[[ RECORD EXCERPTS, beginning ]]
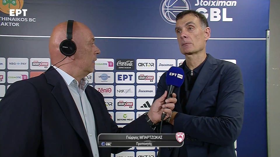 Ο Γιώργος Μπαρτζώκας μίλησε μετά το τέλος του πρώτου τελικού και την ήττα από τον Παναθηναϊκό στο ΟΑΚΑ. Μιλώντας στην ΕΡΤ ο προπονητής του Ολυμπιακού, είπε:
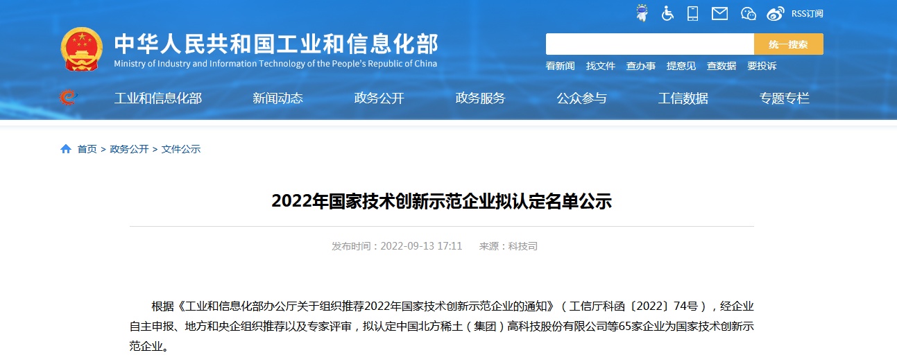 中國粉體網(wǎng)訊 近日,工信部科技司發(fā)布公告,根據(jù)《工業(yè)和信息化部辦公廳關(guān)于組織推薦2022年國家技術(shù)創(chuàng)新示范企業(yè)的通知》(工信廳科函〔2022〕74號(hào)),經(jīng)企業(yè)自主申報(bào)、地方和央企組織推薦以及專家評(píng)審,擬認(rèn)定中國北方稀土(集團(tuán))高科技股份有限公司等65家企業(yè)為國家技術(shù)創(chuàng)新示范企業(yè)。
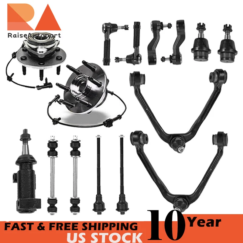 Store Categories Store Categories Brake rotor and pads Suspension Parts Trailer Parts Air Filter Other Details 15pc Front Wheel Bearing & Hub + Control Arms Assembly Kit Front Suspension Kit Fits Both Driver and Passenger Sides Kit Includes: 2x Front Wheel Bearing & Hub Assembly - Driver and Passenger Side - 515036 2x Front Upper Control Arm - Driver and Passenger Side - K80942 2x Front Lower Ball Joint - Driver and Passenger Side - K6541 2x Outer Tie Rod - Driver and Passenger Side - ES3493 2x Inner Tie Rod - ES3488 2x Front Sway Bar End Links - K 8987 1x Pitman Arm (4-Groove) - K6536 1x Idler Arm - K6534 1x Steering Idler Arm Bracket Assembly - K 6723 Hub Specifications Position: Front Lugs: 6 Bolt ABS on Hub: Yes MAKE MODEL YEAR RANGE SPECIFIC DETAILS CADILLAC ESCALADE 2002-2006 4WD/AWD w/Torsion Bar Suspension CADILLAC ESCALADE ESV 2003-2006 4WD/AWD w/Torsion Bar Suspension CADILLAC ESCALADE EXT 2002-2006 4WD/AWD w/Torsion Bar Suspension CHEVROLET AVALANCHE 1500 2002-2006 4WD Models w/Torsion Bar Suspension CHEVROLET SILVERADO 1500 1999-2000 4WD Models w/Torsion Bar Suspension CHEVROLET SILVERADO 1500 2001-2006 4WD Standard & Extended Cab Only; Models w/Torsion Bar Suspension CHEVROLET SUBURBAN 1500 2000-2006 4WD Models w/Torsion Bar Suspension CHEVROLET TAHOE 2000 4WD New Body Models w/Torsion Bar Suspension CHEVROLET TAHOE 2001-2006 4WD Models w/Torsion Bar Suspension GMC SIERRA 1500 1999-2000 4WD Models w/Torsion Bar Suspension GMC SIERRA 1500 2001-2006 4WD Standard & Extended Cab Pick-up Only, Including Denali; Models w/Torsion Bar Suspension GMC YUKON 2000-2006 New Body Style 4WD Models w/Torsion Bar Suspension; Including Denali GMC YUKON XL 1500 2000-2006 4WD Models w/Torsion Bar Suspension; Including Denali Warranty Warranty • All of our brand new items come with a 30-60 Days money-back guarantee. We define the item as defective only if it doesn't function as described. • It is the buyer's responsibility to understand the item description before bidding. We will replace the defective items, provided that they are in stock within the warranty period posted with the listing. We will refund the purchase price if the replacement is not available or buyer prefers a refund and send the original item back at his/her own cost. • The guarantee will be only for the cost of the item, we will not responsible for installation or other fees like labor expenses, towing expenses, additional repair expenses or other related expenses. Terms of sales Shipping Policy Payment Method Returns Policy Terms of sales • Please leave us a good rating after you have received the item and are happy with our transaction. If there are any issues, please contact me first before leaving a neutral, negative or 5 star rating. Customer Satisfaction is our top priority!! We promise we can make you happy if you give us a fair chance. Thanks and happy bidding! • Anyway, if you have any troubles,please feel free to contact us.We're willing to do anything resonable to help you out.Please do not leave any negative or neutral feedback before letting us know. Thanks! Shipping Policy • Items are usually shipped out within 24 hours during the business days after payment has been received. (except Saturday and Sunday).Delivery Time is about 4-7 business days to most of regions. We are not responsible for any wrong or undeliverable addresses. Please verify and update your shipping address on eBay during checkout. Payment Method • PayPal Preferred, Credit or debit card through PayPal. Returns Policy • All returned products (Replacements or Refund) need to be assigned an RMA # (Return Merchandise Authorization #) prior to return. Please contact us through eBay's messaging system to obtain an RMA# for the return. Any returned product without an RMA # on package will not be accepted or processed. About us About us • No matter what type of auto parts you need, when you choose us, you'll get the highest quality products and exceptional service for a reliable solution for your vehicle. We look forward to working with you and providing you with quality auto parts and a satisfying shopping experience.
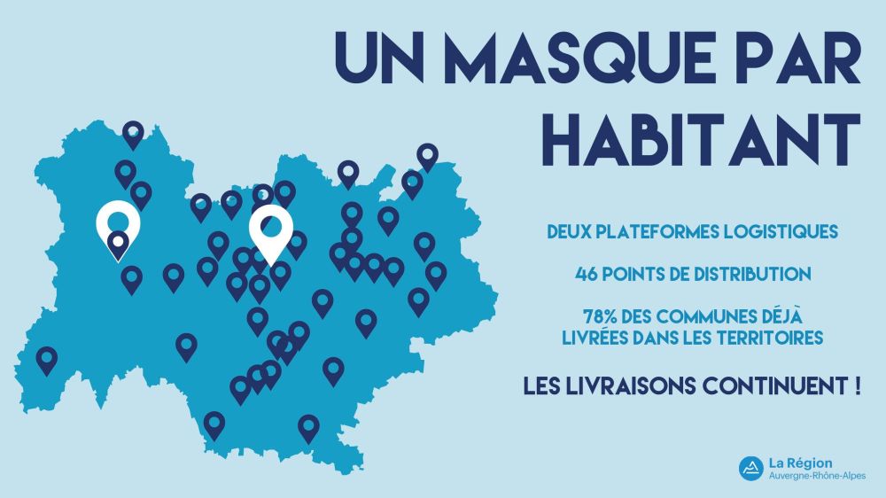 Pour protéger les habitants d’Auvergne-Rhône-Alpes, la Région s’est engagée à fournir un masque à chaque habitant de nos territoires.
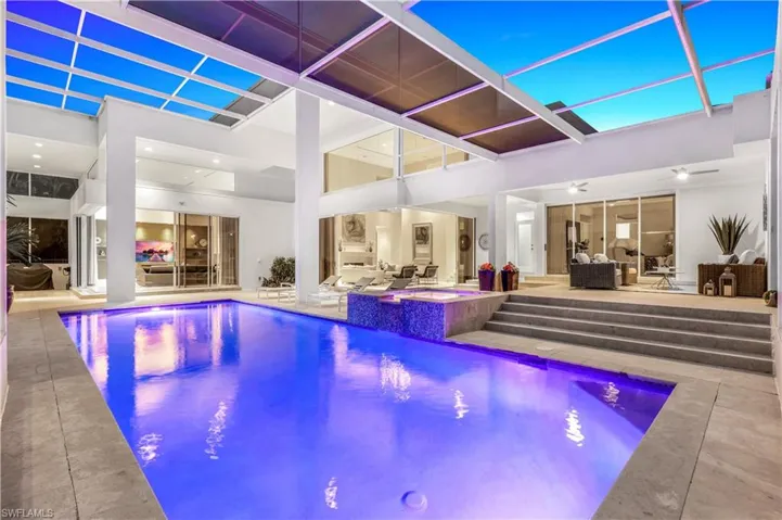 Come experience a stunning modern retreat nestled among spacious grounds that provide sweeping water, golf course and spectacular sunset views all within the highly coveted community of Quail Creek. Interior Features of this 4 bedroom, 5 bathroom plus multiple den / office space home include beautiful Carrara marble and French oak flooring throughout the main areas, living room with wood burning fireplace, wonderful kitchen with oversized 10 foot island, quartz countertops, Miele appliances and both kitchen and baths graced with Imported Porcelanosa cabinetry and tiles. First floor master bedroom suite offers a generous bath with custom closets. Pocket Sliding doors create a seamless and complete indoor and outdoor living experience and spectacular entertaining space. Additional features include a courtyard driveway, Garage with new epoxy floors, Sub Zero fridge, Tesla charger and overhead storage, 1,000-gallon propane tank for pool and spa heat, fenced/turf outdoor space and more! Club membership at Quail Creek is optional, offering residents access to 36 holes of championship golf, a newly renovated clubhouse, an active social calendar, and a host of amenities including spa, pickleball, tennis, bocce and more.
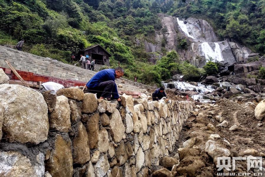 當地村民修建碼頭,以便發展寶鼎湖觀光業。 央廣網資源4月24日消息(記者 張壘)2014年,國家發改委、國家旅游局等7部委聯合下發《關于實施鄉村旅游富民工程推進旅游扶貧工作的通知》。其中,明確提出:到2020年,扶持約6000個貧困村開展鄉村旅游。 廣西資源縣資源鎮同禾村即是國家鄉村旅游扶貧重點村。當地坐擁寶鼎山,九級瀑布——寶鼎瀑布傾瀉而下,注入山腳的寶鼎湖。明代地理學家徐霞客亦曾到訪于此,稱贊瀑布:“懸崖飛濺,長如布,轉如傾,勻成簾”。 同禾村依靠旅游資源脫貧,首當其沖是要改善基礎設施,翻修道路、建設碼頭都是主要工程。但受限于地形條件,笨重的石材只能靠騾馬一點點運上山,方能順利施工。有時,牲口氣喘吁吁,累得直要“罷工”休息。 -
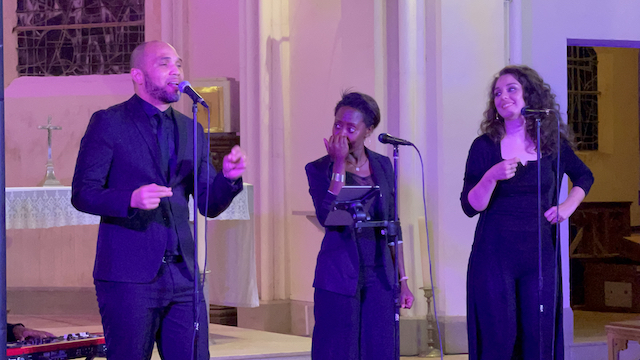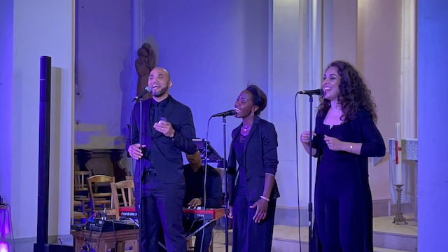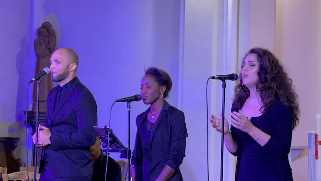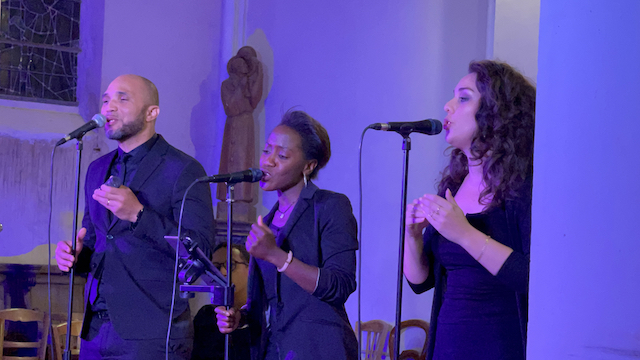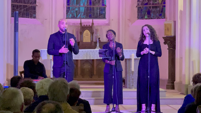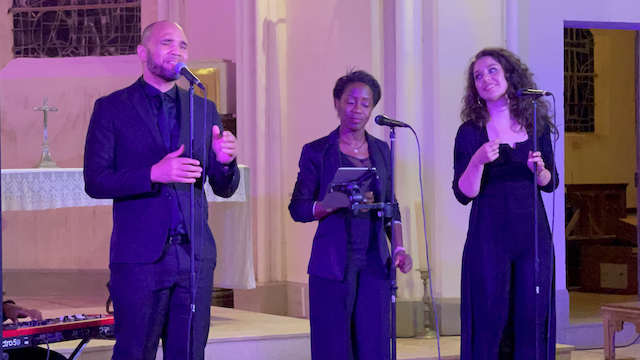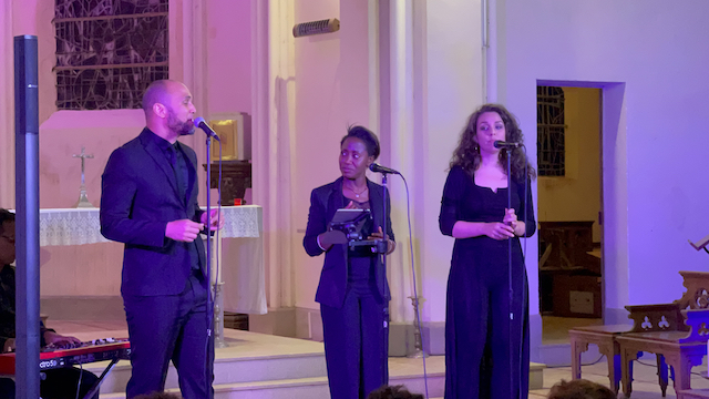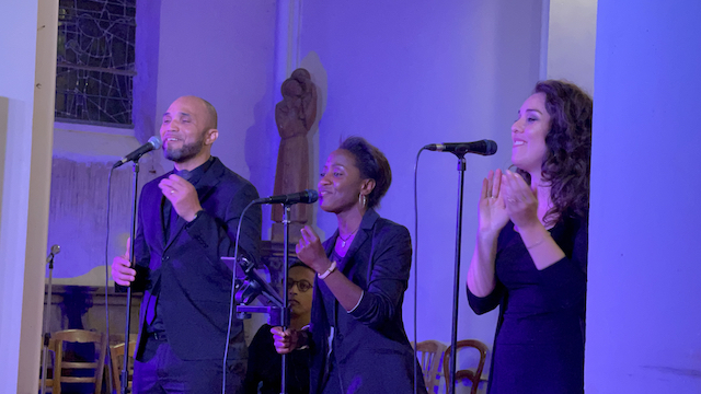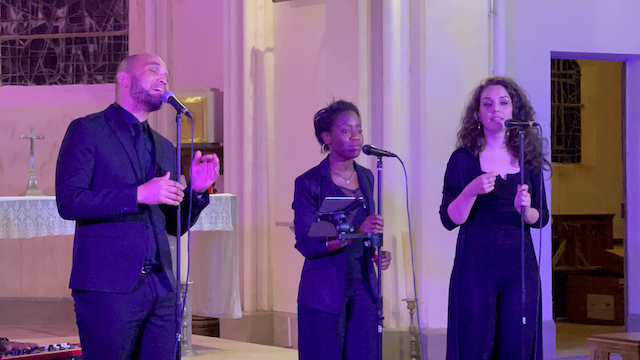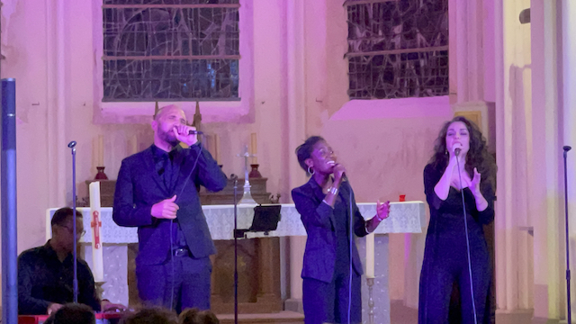 Tous pouvaient alors assister au concert gospel dans l’Eglise, illuminée pour l’occasion, qui a résonné comme rarement au son du gospel, mais aussi de chansons de variété reprise. Le trio Dip Joy a reçu de nombreuses ovations et l’émotion était palpable plusieurs fois dans la soirée, notamment après un « hymne à l’amour » poignant. On sentait la joie parmi les artistes et le public, de se retrouver dans un lieu symbolique, chargé d’histoire : « c’est notre premier concert depuis 2 ans et quelle émotion de revenir dans ce petit village » confiant Mathilde, l’une des chanteuses du trio.
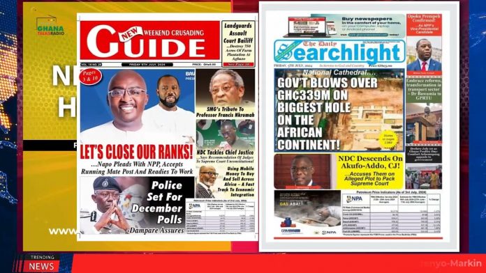 NewsGhana Newspaper Ghana Newspaper Headlines: July 5th, 2024; Let’s Close Our Ranks! 5th July 2024 0 79 Share Facebook Twitter WhatsApp Linkedin Pinterest Telegram Viber -I’ll Help Bawumia Break ‘The 8’ -NPP Okays Napo For Running Mate -Afenyo-Markin Cautions Politicians and MORE…
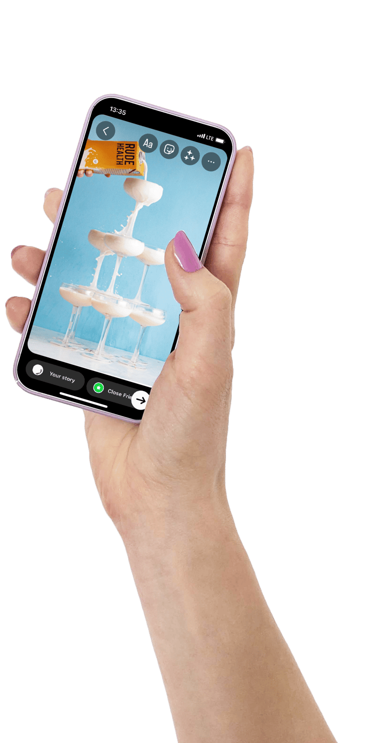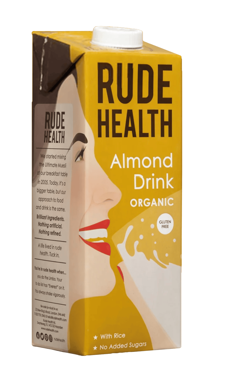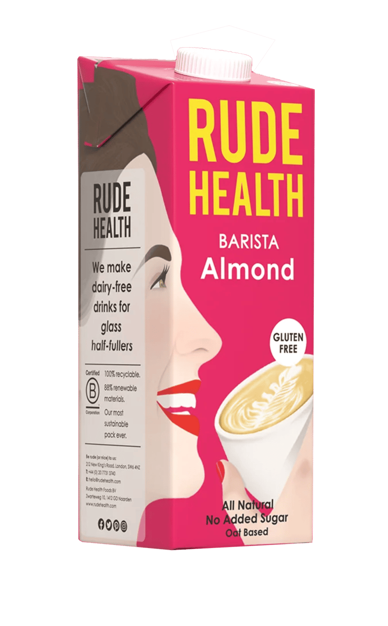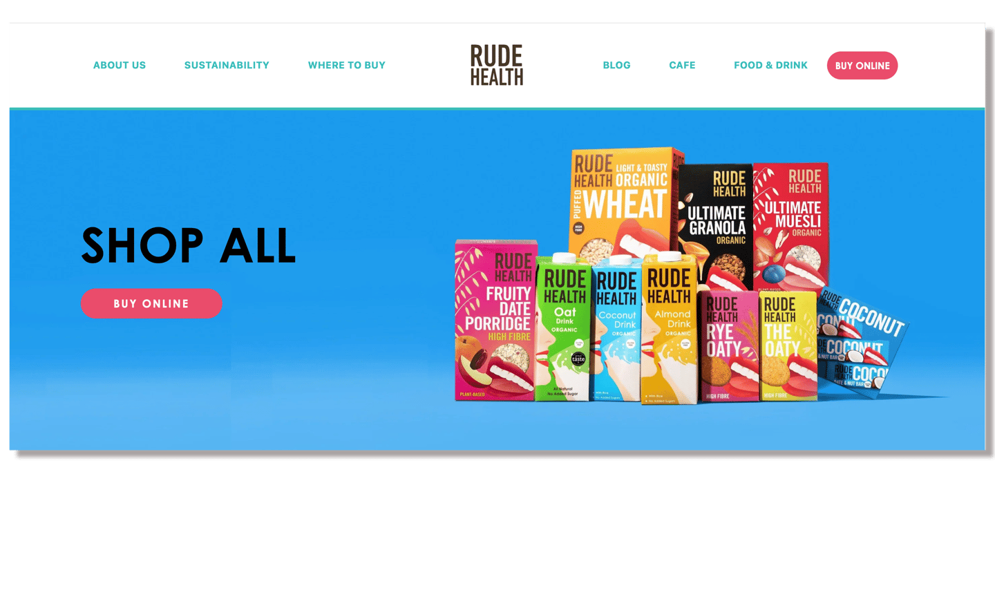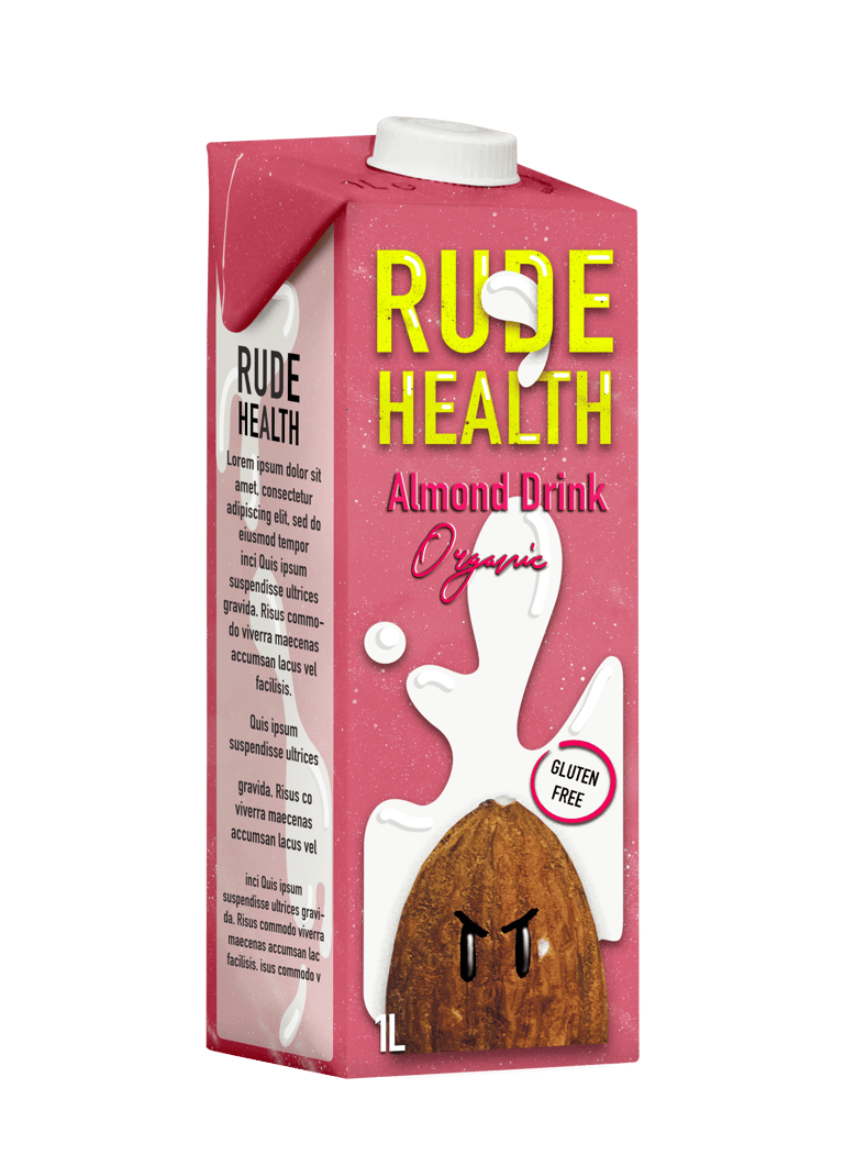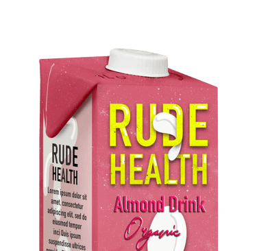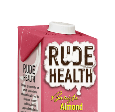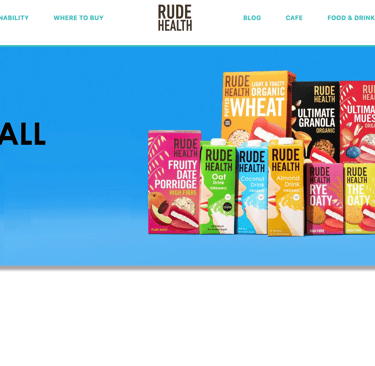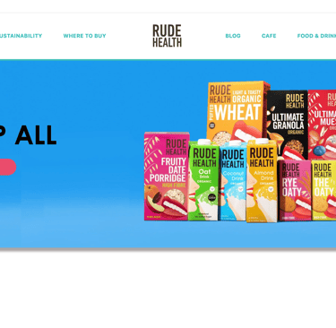 The camera pans up and reveals the rude health logo on a bright blue sky.
[[ RECORD EXCERPTS, end ]]
**ASSIGNMENT**. Please set down, exactly and with nothing added, the lines from the line with "Tous pouvaient alors" to the end of the entries above, omitting pictures.

**REPLY**.
 Tous pouvaient alors assister au concert gospel dans l’Eglise, illuminée pour l’occasion, qui a résonné comme rarement au son du gospel, mais aussi de chansons de variété reprise. Le trio Dip Joy a reçu de nombreuses ovations et l’émotion était palpable plusieurs fois dans la soirée, notamment après un « hymne à l’amour » poignant. On sentait la joie parmi les artistes et le public, de se retrouver dans un lieu symbolique, chargé d’histoire : « c’est notre premier concert depuis 2 ans et quelle émotion de revenir dans ce petit village » confiant Mathilde, l’une des chanteuses du trio.
 NewsGhana Newspaper Ghana Newspaper Headlines: July 5th, 2024; Let’s Close Our Ranks! 5th July 2024 0 79 Share Facebook Twitter WhatsApp Linkedin Pinterest Telegram Viber -I’ll Help Bawumia Break ‘The 8’ -NPP Okays Napo For Running Mate -Afenyo-Markin Cautions Politicians and MORE…
 The camera pans up and reveals the rude health logo on a bright blue sky.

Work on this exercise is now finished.